Generative Fabrication
myTHREAD PAVILION: GENERATIVE FABRICATION IN KNITTING PROCESSES
Jenny E. Sabin
Cornell University
Advancements in weaving, knitting and braiding technologies have brought to surface high-tech and high-performance composite fabrics. These products have historically infiltrated the aerospace, automobile, sports and marine industries, but architecture has not yet fully benefitted from these lightweight freeform surface structures.
myThread, a commission from the Nike FlyKnit Collective, features knitted textile structures at the scale of a pavilion. The evolution of digital tools in architecture has prompted new techniques of fabrication alongside new understandings in the organization of material through its properties and potential for assemblage.
No longer privileging column, beam and arch, our definition of architectural tectonics has broadened alongside advancements made in computational design. Internal geometries inherent to natural forms, whose complexity could not be computed with the human mind alone, may now be explored synthetically through mathematics and generative systems.

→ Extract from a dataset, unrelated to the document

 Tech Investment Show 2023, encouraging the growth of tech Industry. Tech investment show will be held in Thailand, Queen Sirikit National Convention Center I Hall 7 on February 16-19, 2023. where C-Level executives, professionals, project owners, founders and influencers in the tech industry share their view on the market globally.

Textiles offer architecture a robust design process whereby computational techniques, pattern manipulation, material production and fabrication are explored as an interconnected loop that may feedback upon itself in no particular linear fashion.
The myThread Pavilion integrates emerging technologies in design through the materialization of dynamic data sets generated by the human body engaged in sport and movement activities in the city.
Turning performance into structure for the Nike Flyknit Collective, Jenny Sabin works at the intersection of art, architecture, design and science. There are instant similarities in this approach to the work of Nike’s Innovation Kitchen, where disciplines from different fields are brought together with a view to re-thinking basic principles and approaches to design challenges.
This project aims to engage a new material practice and next steps in digital fabrication in architecture through the production of models and prototypes via cutting-edge parametric and associative software that interface fabrication technologies in related, but alternative disciplines.
By digitally crafting these new formfitting material systems at architectural scales, beautiful formal possibilities emerge allowing for the construction of novel spaces and immersive adaptive environments that ultimately advance textile tectonics in architecture.
Importantly, this project seeks to communicate, document and make public advances in tooling and textile fabrication towards the design and production of nonlinear systems via complex geometries. Central to this is the integration of fields and industries outside of our own with the promise of advancing the functional, adaptive and formfitting nature of knit material alongside provocative emergent forms and spaces.
This is achieved through visualization models of human bio-data — motion data from a large group of runners — transformed and realized as a new choreography of performances in the context of a fully knitted pavilion.
Simply put, the generative design strategy is based on prior performances that are translated into present-tense performance through a finely tuned material assembly of knitted threads that respond and adapt to the presence or absence of light. The main goal of this project concerns the evolution of digital complexity in the built world.
The myThread Pavilion is the result of collaboration across disciplines and industries including architecture, textiles, sportswear and engineering. Linking biology and innovation, technology and tradition, this is an analog manifestation both of the benefits of Nike FlyKnit, and also the activities and performance of the individuals that went into its making.
This installation’s adaptable sensitivity and flexibility mirrors the human form. It is its own environment, its own community and its own energy. While interpreting and visualizing human data, the pavilion also becomes a body itself by virtue of a dynamic, spatial interiority and the presence of a multitude of actual human interactions.